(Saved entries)
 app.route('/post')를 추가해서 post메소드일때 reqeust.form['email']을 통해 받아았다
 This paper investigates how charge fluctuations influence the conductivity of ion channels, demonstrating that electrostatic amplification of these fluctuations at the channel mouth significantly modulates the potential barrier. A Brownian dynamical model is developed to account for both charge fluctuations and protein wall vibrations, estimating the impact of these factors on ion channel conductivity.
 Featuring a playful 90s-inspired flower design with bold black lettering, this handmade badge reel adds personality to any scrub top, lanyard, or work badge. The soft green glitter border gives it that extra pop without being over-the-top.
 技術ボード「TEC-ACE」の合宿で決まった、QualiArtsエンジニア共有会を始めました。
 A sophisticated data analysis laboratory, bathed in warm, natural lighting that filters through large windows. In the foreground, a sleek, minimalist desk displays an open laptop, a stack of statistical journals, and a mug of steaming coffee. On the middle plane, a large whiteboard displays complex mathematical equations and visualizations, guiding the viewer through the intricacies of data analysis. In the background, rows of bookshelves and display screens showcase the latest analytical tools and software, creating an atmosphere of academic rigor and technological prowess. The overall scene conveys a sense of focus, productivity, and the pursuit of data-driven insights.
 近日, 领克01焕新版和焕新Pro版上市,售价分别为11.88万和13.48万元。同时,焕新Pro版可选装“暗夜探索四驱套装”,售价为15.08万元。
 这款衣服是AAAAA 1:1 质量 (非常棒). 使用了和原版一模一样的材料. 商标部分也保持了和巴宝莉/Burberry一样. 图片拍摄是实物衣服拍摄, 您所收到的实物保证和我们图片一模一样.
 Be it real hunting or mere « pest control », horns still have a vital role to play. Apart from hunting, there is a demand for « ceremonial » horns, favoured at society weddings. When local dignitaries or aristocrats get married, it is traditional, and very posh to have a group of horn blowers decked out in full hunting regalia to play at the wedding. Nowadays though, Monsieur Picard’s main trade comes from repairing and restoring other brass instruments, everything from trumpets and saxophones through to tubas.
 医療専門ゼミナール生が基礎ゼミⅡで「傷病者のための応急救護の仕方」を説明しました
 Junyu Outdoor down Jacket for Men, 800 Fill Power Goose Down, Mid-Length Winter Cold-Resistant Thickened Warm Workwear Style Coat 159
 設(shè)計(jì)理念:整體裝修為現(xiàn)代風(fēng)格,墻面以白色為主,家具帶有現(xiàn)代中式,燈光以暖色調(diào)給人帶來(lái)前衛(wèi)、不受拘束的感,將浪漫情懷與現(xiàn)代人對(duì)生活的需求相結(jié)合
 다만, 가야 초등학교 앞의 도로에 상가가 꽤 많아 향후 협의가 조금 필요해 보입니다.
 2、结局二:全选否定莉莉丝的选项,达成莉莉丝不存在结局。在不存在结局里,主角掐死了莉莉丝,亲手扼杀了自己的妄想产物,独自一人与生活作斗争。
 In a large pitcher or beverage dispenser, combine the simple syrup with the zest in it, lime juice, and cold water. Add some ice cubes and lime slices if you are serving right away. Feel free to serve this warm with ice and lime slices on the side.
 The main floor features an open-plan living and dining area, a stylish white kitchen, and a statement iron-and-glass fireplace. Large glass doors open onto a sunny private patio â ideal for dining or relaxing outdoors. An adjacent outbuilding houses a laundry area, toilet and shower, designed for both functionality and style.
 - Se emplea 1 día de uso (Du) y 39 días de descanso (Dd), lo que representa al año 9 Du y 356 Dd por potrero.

■ **DIRECTIONS FOR THIS TASK**
Go through the data above and tally every line that includes "main". State only the total.

■ **FINAL ANSWER**
2